The menu.py script is a command-line utility for analyzing source code files for potential vulnerabilities. It supports multiple programming languages, including Python, PHP, JavaScript, and Java. The script allows users to upload and analyze code files, identifying unsafe lines and providing detailed results.

Features

  • Multi-language Support: Analyze code written in Python, PHP, JavaScript, and Java.
  • File Upload: Use a graphical file dialog to select source code files for analysis.
  • Code Analysis: Detect and report potential vulnerabilities in the code based on predefined patterns.
  • Result Storage: Save analysis results to a results directory with a formatted filename.
  • Interactive Output: Display analysis results in the terminal with colored output for better readability.

Requirements

Ensure you have the necessary Python packages installed. Create a requirements.txt file with the following content:

numpy
torch
transformers
scikit-learn
colorama

Install the required packages using pip:

pip install -r requirements.txt

pip3 install -r requirements.txt

Usage

1. Running the Script:

python3 menu.py

python menu.py

2. Selecting an Option:

  • Enter the number corresponding to the language you want to analyze.

Uploading and Analyzing:

  • A file dialog will open, allowing you to select a code file.
  • After selecting a file, the script will analyze it and display the results in the terminal.

Viewing Results:

  • Results are printed in the terminal and saved to a file in the results directory.
  • The result file will be named according to the format filename_results.txt where filename is the name of the uploaded code file (with its extension replaced).

Example

To analyze a Python file named example.py:

  1. Run the script:

    python menu.py
  2. Select option [1] for Python.

  3. Choose example.py from the file dialog.

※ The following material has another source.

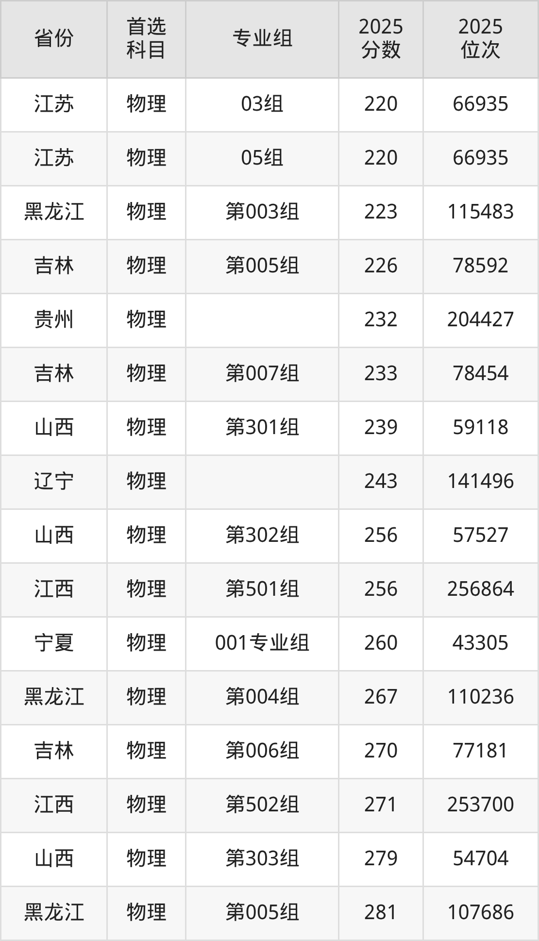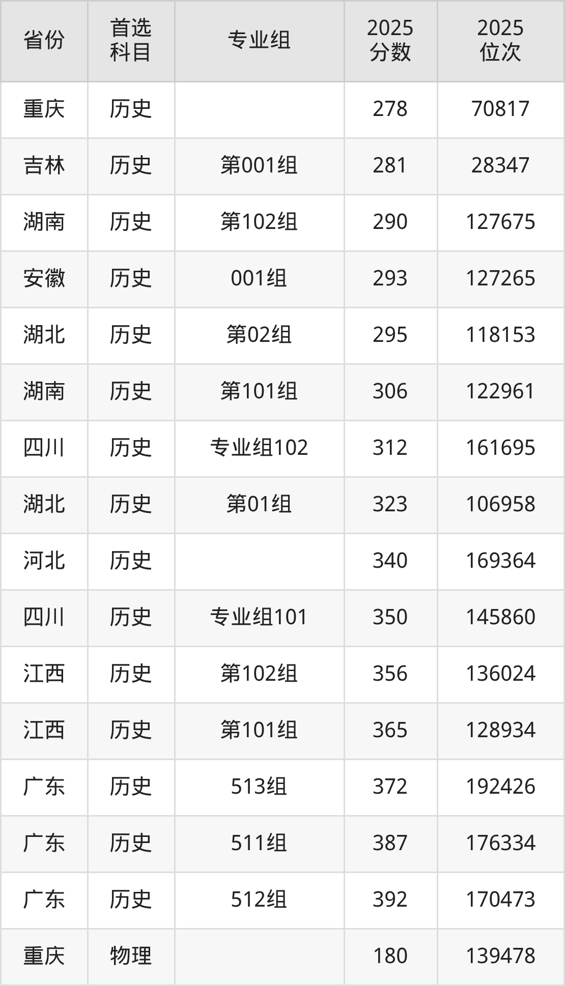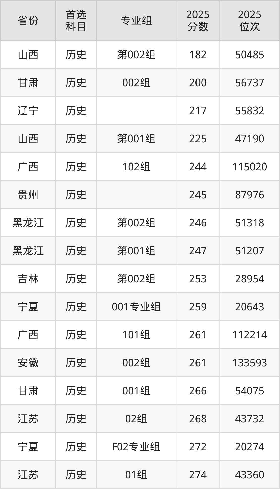 历史类最低分对应地区为山西(第002组),录取位次为50485,超专科线82分;最高分对应地区为广东(512组),录取位次为170473,超专科线177分。

  4. View the analysis results in the terminal and find the results file named example_py_results.txt in the results directory.

Troubleshooting

  • Import Errors: Ensure all required packages are installed.
  • Missing results Directory: The script will create the results directory if it does not exist. Ensure the script has permission to create directories and files.

License

  • This project is licensed under the MIT License. See the LICENSE file for details.